Start of RECORDS SHOWN
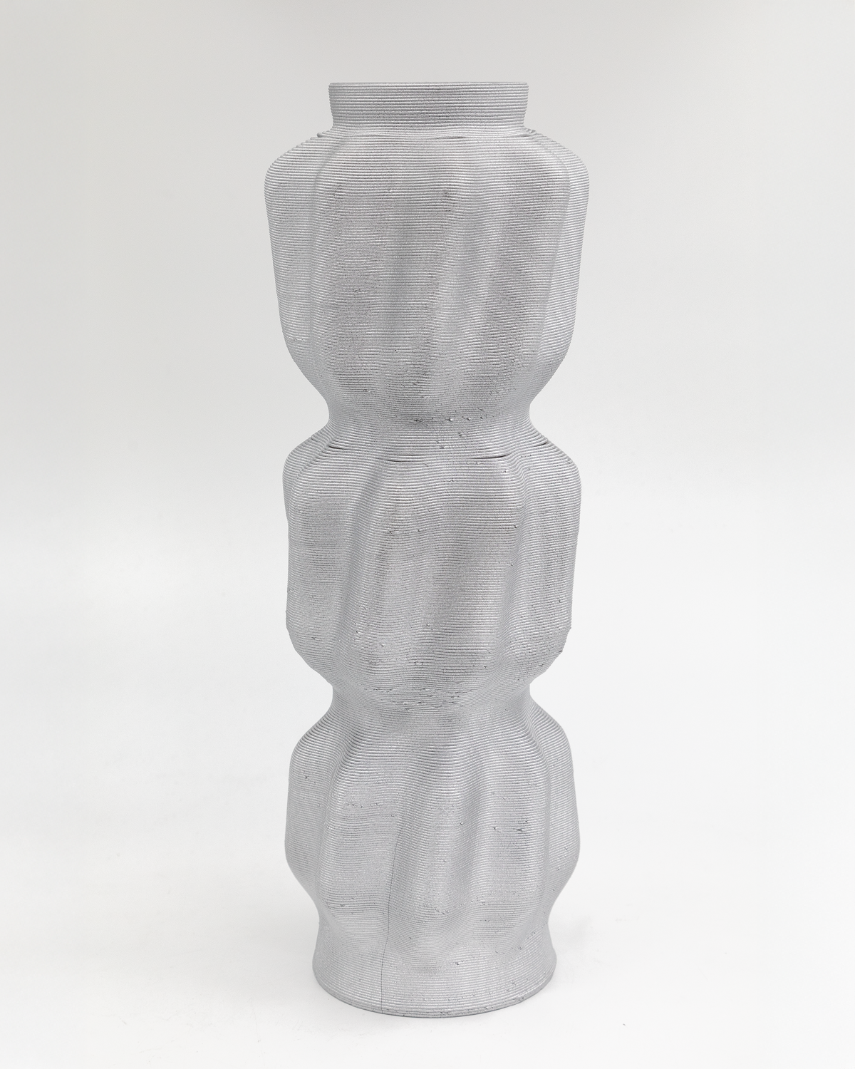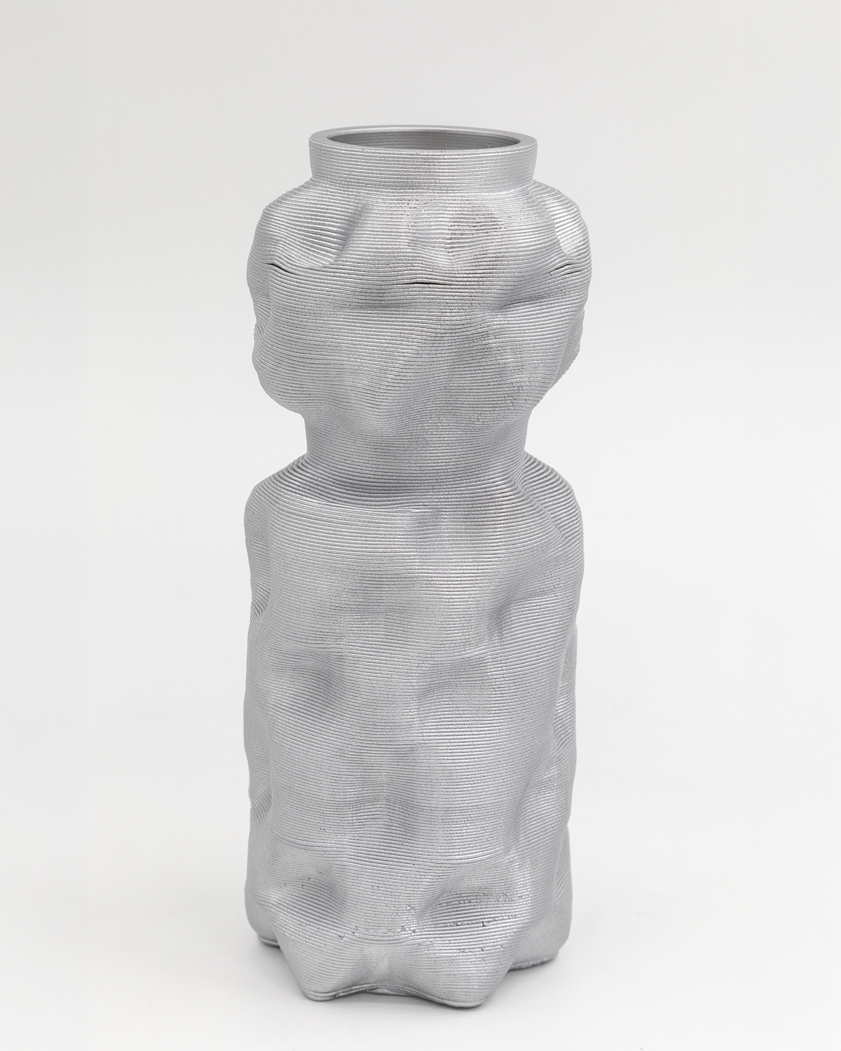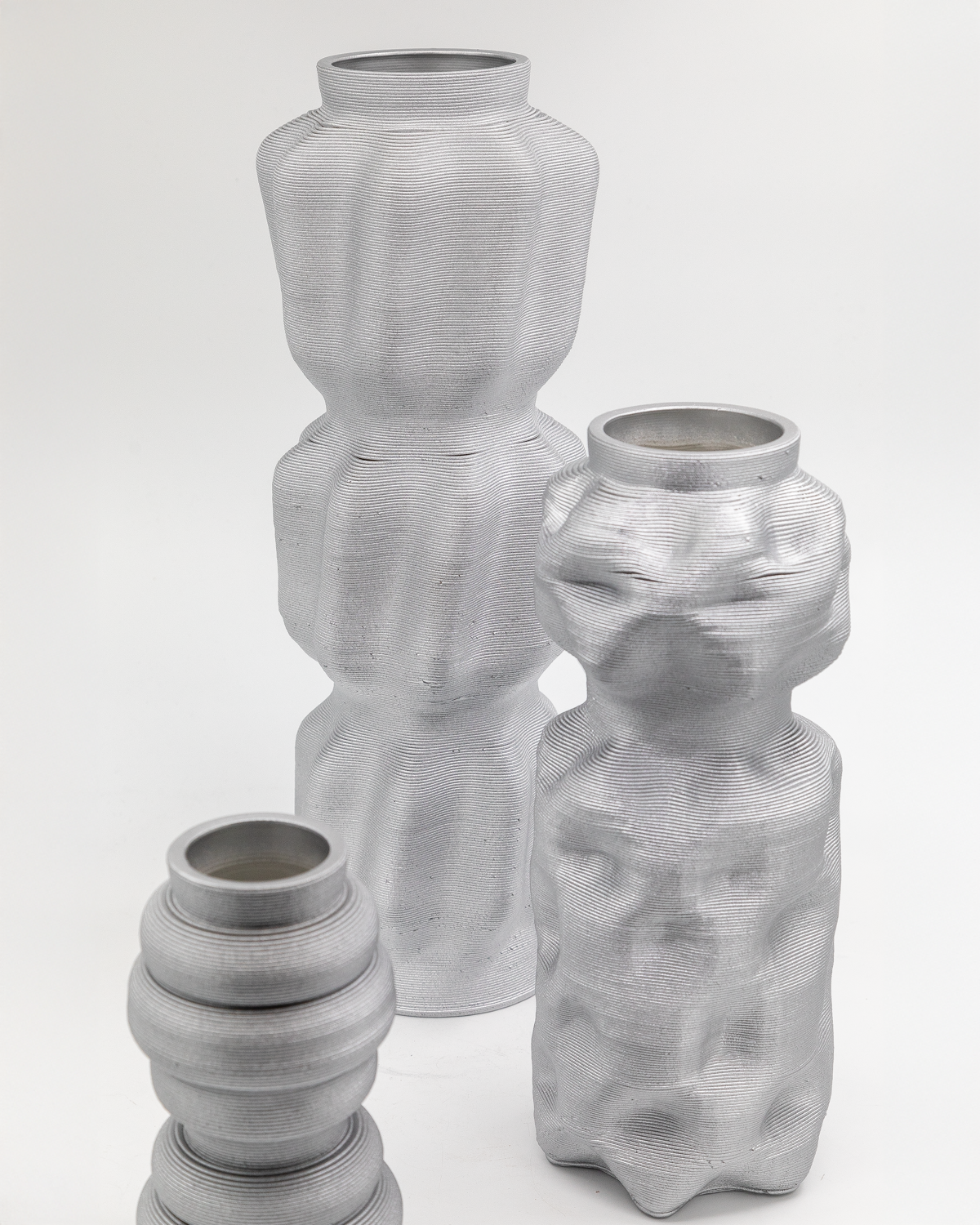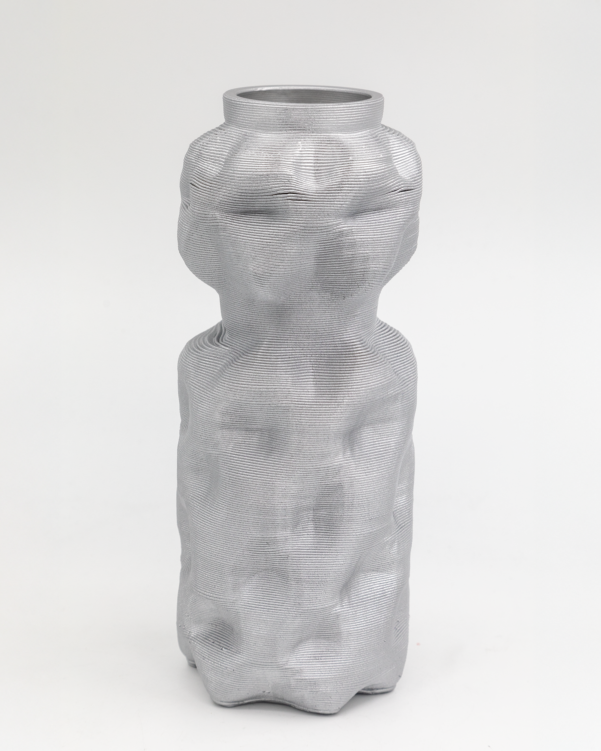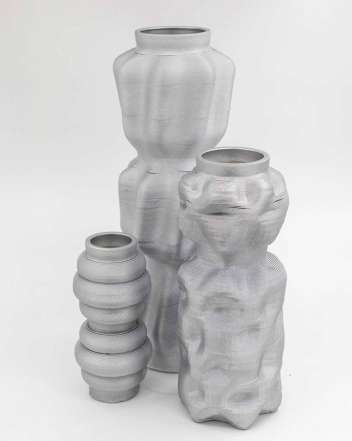 The vases are 3D printed in clay, fired and then spray coated with aluminium. Available in 3 sizes.
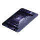 Uma árvore de Natal cintilante numa floresta de pinheiros coberta de neve na noite de inverno.
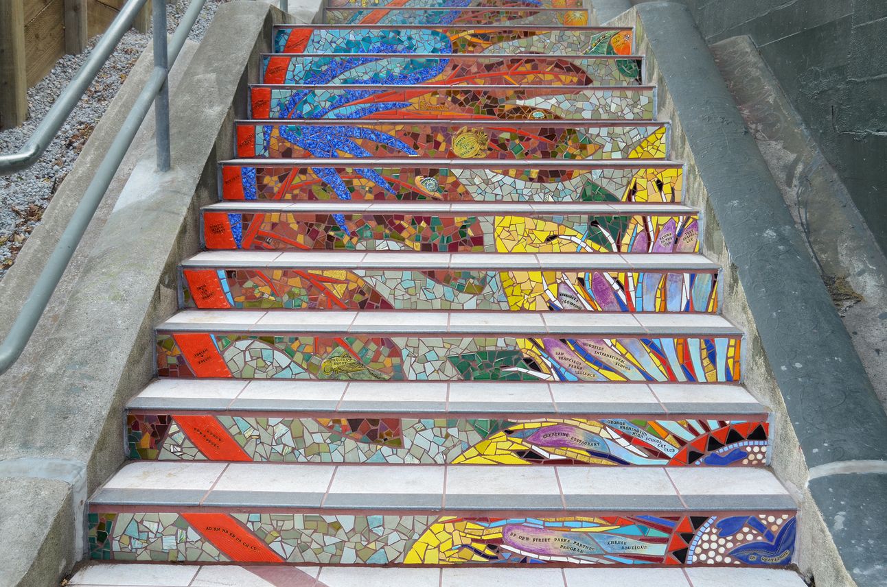 Detail of the Vallejo Capital Street Stairs designed by Aileen Barr and Collete Crutcher – photo from Visit Vallejo
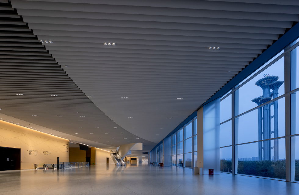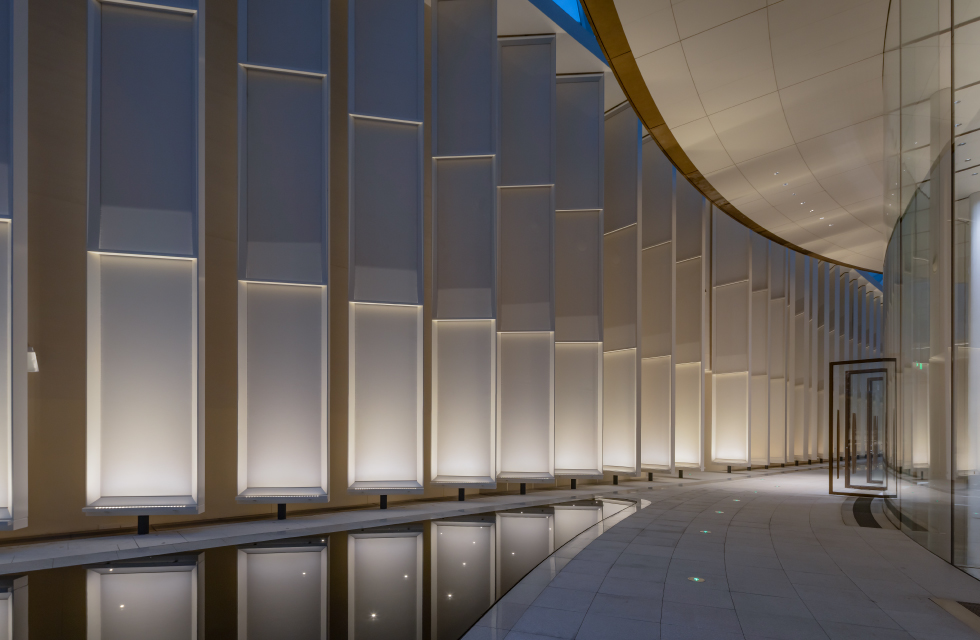 序厅为贯通三层、连续通高的宽阔走廊,呼应整体建筑“开放”的设计理念,独特的“鸟窗”设计与外立面玻璃巧妙引入自然光线,让室内外光影自然交融。为适配序厅天花格栅的结构要求,WAC 定制专属支架, 实现 PLANA PRO 系列下照及洗墙筒灯的创新式安装,该方案既满足了序厅的基础照明需求,又以均匀的光线铺满墙面,使得整个空间开阔通透、温馨自然。
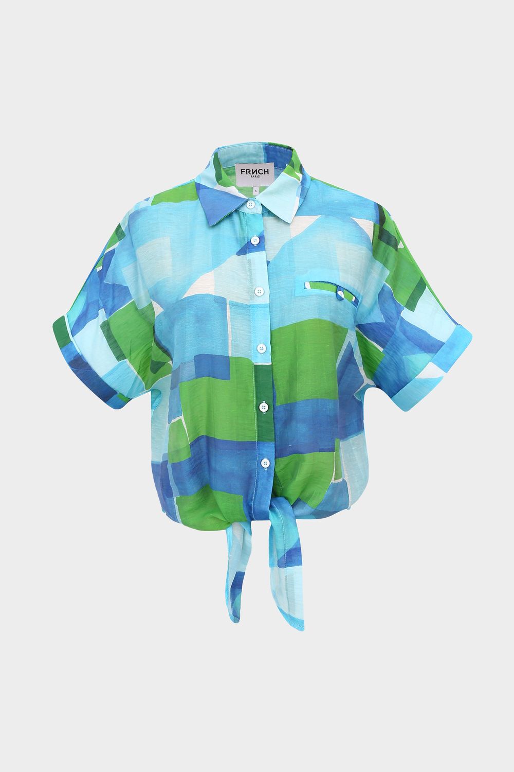 Dieses Kurzarmhemd ist eine erfrischende Wahl für ein lässiges und trendiges Outfit. Mit einem harmonischen Muster in Weiß-, Blau- und Grüntönen fängt es das Sommergefühl ein. Die kurzen Ärmel und der Hemdkragen verleihen ihm einen lässigen Touch, während die Möglichkeit, es in der Taille zu binden, eine moderne und schmeichelhafte Silhouette schafft.
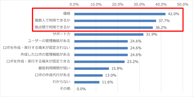 3.中小企業で有料版のRPAを導入している企業のうち、導入する際に重視したことは、1位「価格」(42.0%)2位「複数人で利用できるか」(37.7%)、3位「拠点間で利用できるか」(36.2%)
End of RECORDS SHOWN
◆ WHAT IS NEEDED: With the pictures omitted, the material is to be transcribed exactly.

◆ TASK OUTPUT:
 The vases are 3D printed in clay, fired and then spray coated with aluminium. Available in 3 sizes.
 Uma árvore de Natal cintilante numa floresta de pinheiros coberta de neve na noite de inverno.
 Detail of the Vallejo Capital Street Stairs designed by Aileen Barr and Collete Crutcher – photo from Visit Vallejo
 序厅为贯通三层、连续通高的宽阔走廊,呼应整体建筑“开放”的设计理念,独特的“鸟窗”设计与外立面玻璃巧妙引入自然光线,让室内外光影自然交融。为适配序厅天花格栅的结构要求,WAC 定制专属支架, 实现 PLANA PRO 系列下照及洗墙筒灯的创新式安装,该方案既满足了序厅的基础照明需求,又以均匀的光线铺满墙面,使得整个空间开阔通透、温馨自然。
 Dieses Kurzarmhemd ist eine erfrischende Wahl für ein lässiges und trendiges Outfit. Mit einem harmonischen Muster in Weiß-, Blau- und Grüntönen fängt es das Sommergefühl ein. Die kurzen Ärmel und der Hemdkragen verleihen ihm einen lässigen Touch, während die Möglichkeit, es in der Taille zu binden, eine moderne und schmeichelhafte Silhouette schafft.
 3.中小企業で有料版のRPAを導入している企業のうち、導入する際に重視したことは、1位「価格」(42.0%)2位「複数人で利用できるか」(37.7%)、3位「拠点間で利用できるか」(36.2%)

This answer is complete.